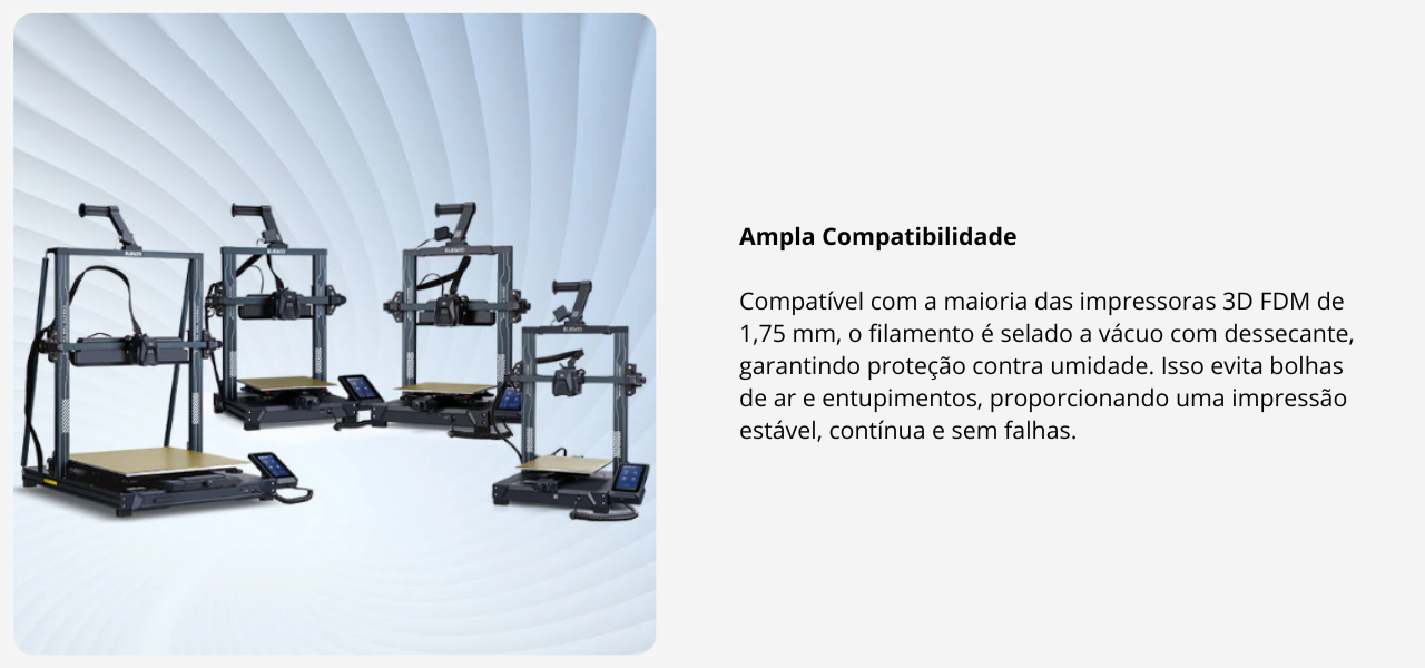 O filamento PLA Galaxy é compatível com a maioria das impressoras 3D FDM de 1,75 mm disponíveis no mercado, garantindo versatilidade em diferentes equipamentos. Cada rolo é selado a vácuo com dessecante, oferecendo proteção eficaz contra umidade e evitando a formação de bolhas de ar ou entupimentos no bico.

---

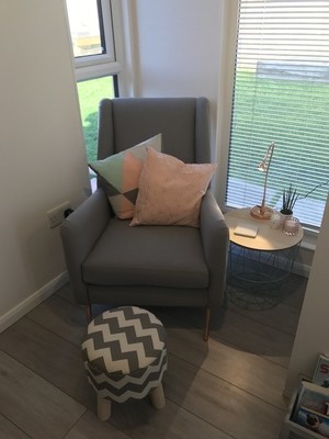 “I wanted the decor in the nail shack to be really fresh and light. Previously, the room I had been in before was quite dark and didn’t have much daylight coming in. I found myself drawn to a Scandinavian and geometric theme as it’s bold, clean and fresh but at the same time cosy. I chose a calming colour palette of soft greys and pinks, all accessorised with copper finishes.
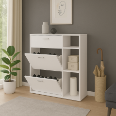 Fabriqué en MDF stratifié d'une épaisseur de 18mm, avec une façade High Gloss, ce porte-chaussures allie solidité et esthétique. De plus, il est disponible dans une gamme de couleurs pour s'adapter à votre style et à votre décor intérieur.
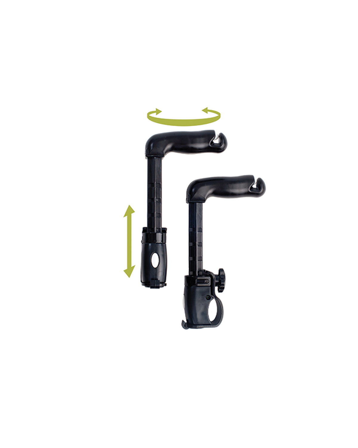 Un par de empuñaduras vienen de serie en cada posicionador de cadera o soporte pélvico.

WHAT YOU WILL DO » Set down word for word the lines above from the one with "Fabriqué en MDF" up to and including the one with "Un par de empuñaduras". Omit every picture.

RESULT OF THIS EXERCISE »
 Fabriqué en MDF stratifié d'une épaisseur de 18mm, avec une façade High Gloss, ce porte-chaussures allie solidité et esthétique. De plus, il est disponible dans une gamme de couleurs pour s'adapter à votre style et à votre décor intérieur.
 Un par de empuñaduras vienen de serie en cada posicionador de cadera o soporte pélvico.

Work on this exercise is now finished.